URL    http://www.amaze.ulb. ac.be/
                            ^

Someone helpfully informed me via Twitter that this is “often a result of typesetting.” Thanks for that.

6 thoughts on “Why can’t PubMed or academic journals get the basics right?

  1. Pingback: Twenty million papers in PubMed: a triumph or a tragedy? « O'Really?

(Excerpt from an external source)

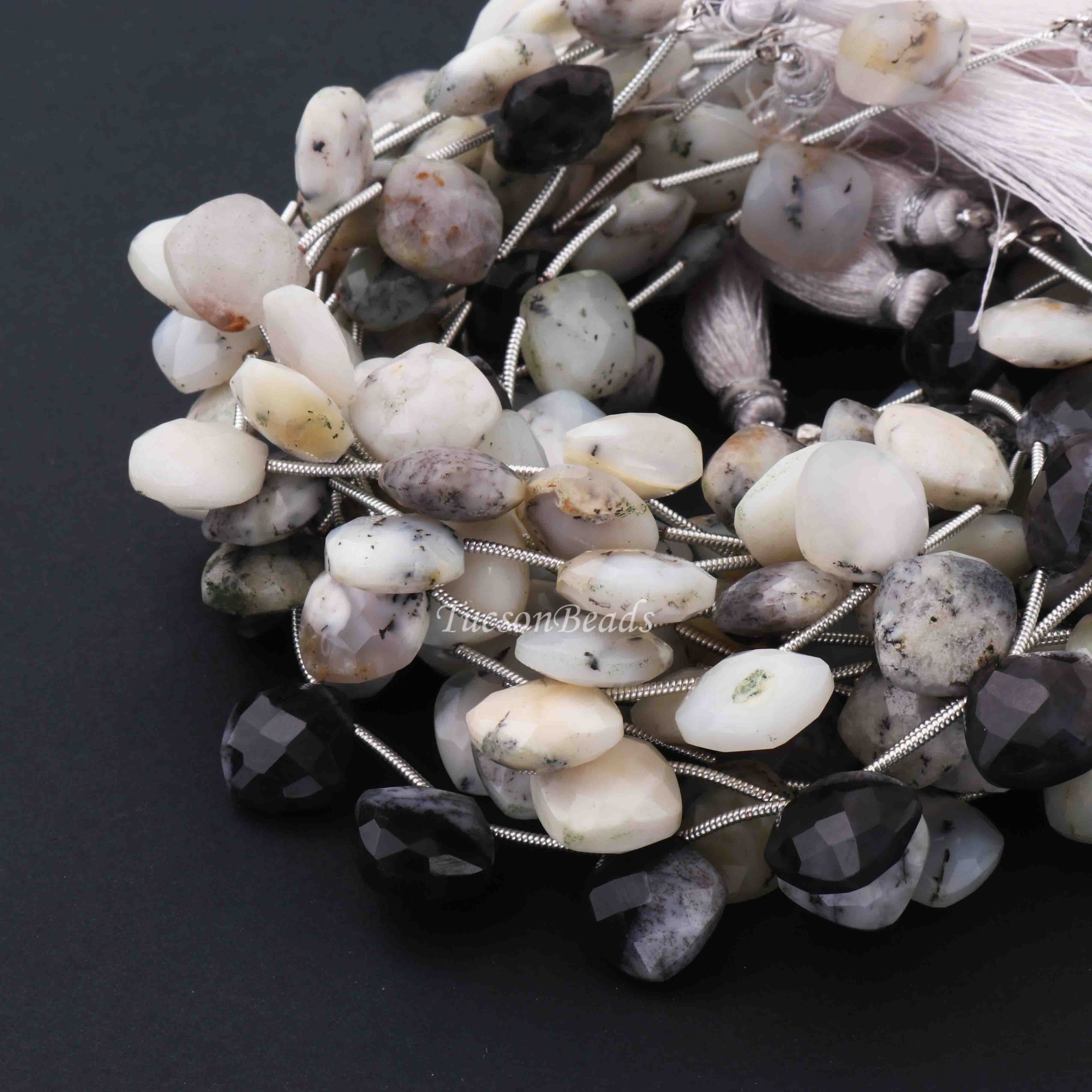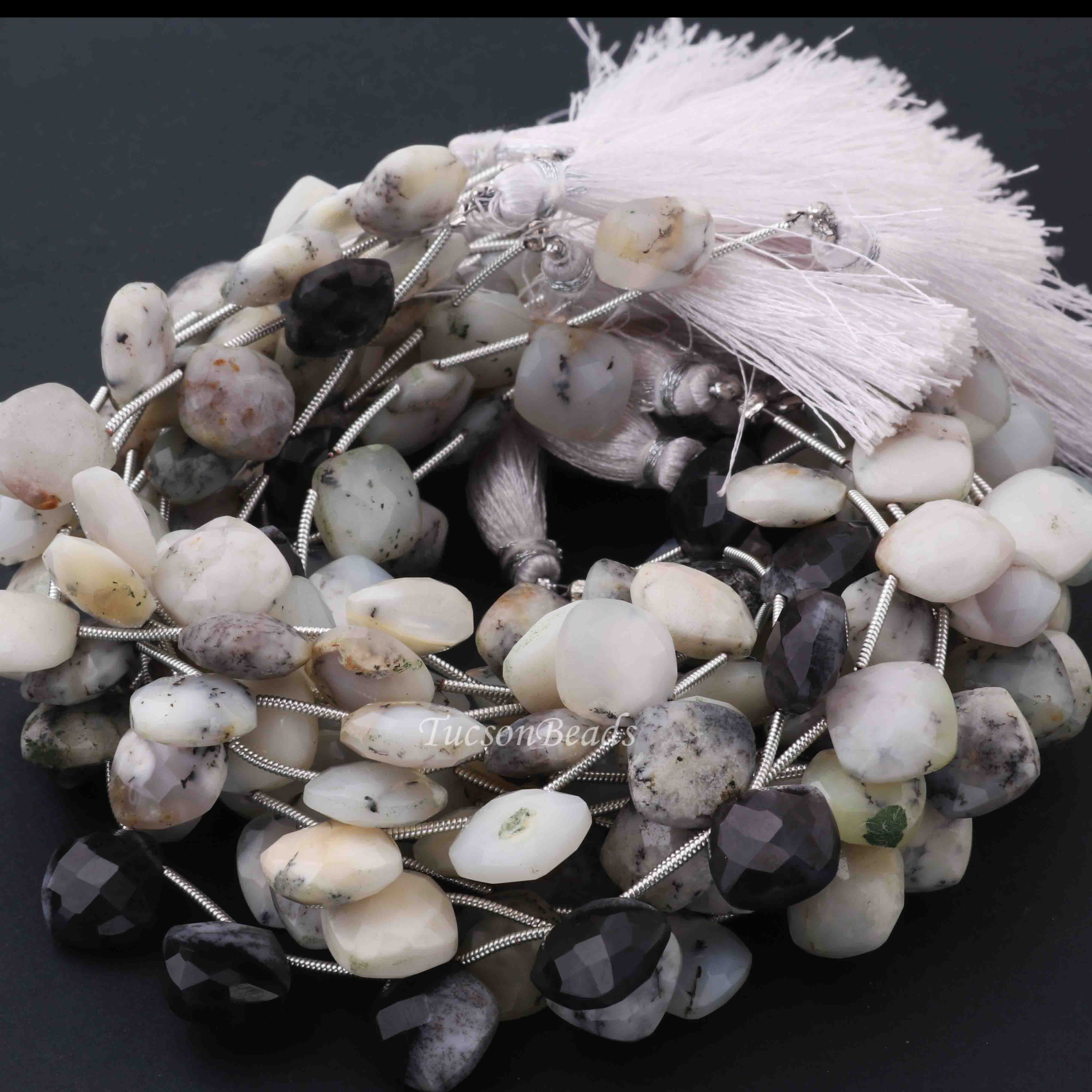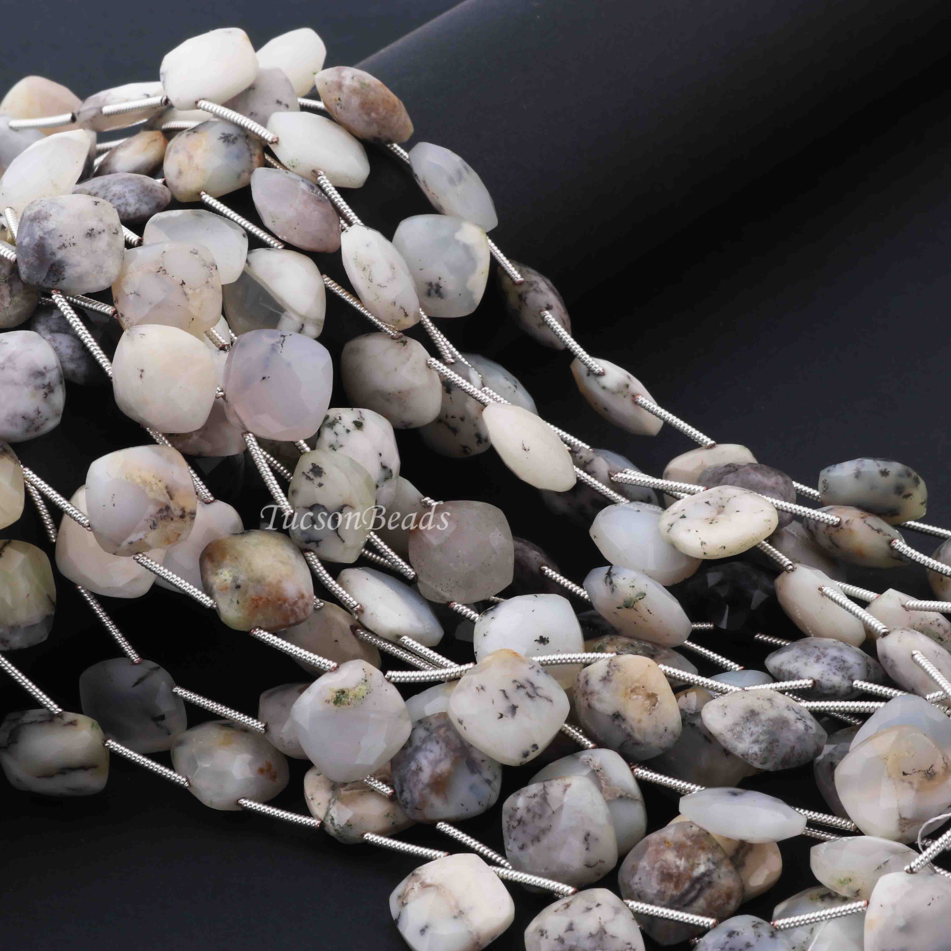 1 Strand Dendrite Opal Faceted Cushion Shape Briolettes - Dendrite Opal Cushion Shape Beads 8mm 7.5 Inches BR0153

    1. nsaunders Post author

      I’m working on it, but figuring out which URLs are invalid URLs is so incredibly tedious, I’m attempted to abandon the PubMed approach altogether. There’s a reason why this stuff does not get analysed and sorted out – it makes people so mad, they just can’t continue…

  2. Jonathan Badger

    It’s because they don’t get the whole idea of computer-readable data period, and imagine that humans are the only readers of papers. It’s the same with data included in papers — how many times have you downloaded the data only to find that it is a PDF and not a tab-delimited text file or similar? Sure you can copy and paste from the PDF and try to reconstruct something useable, but why?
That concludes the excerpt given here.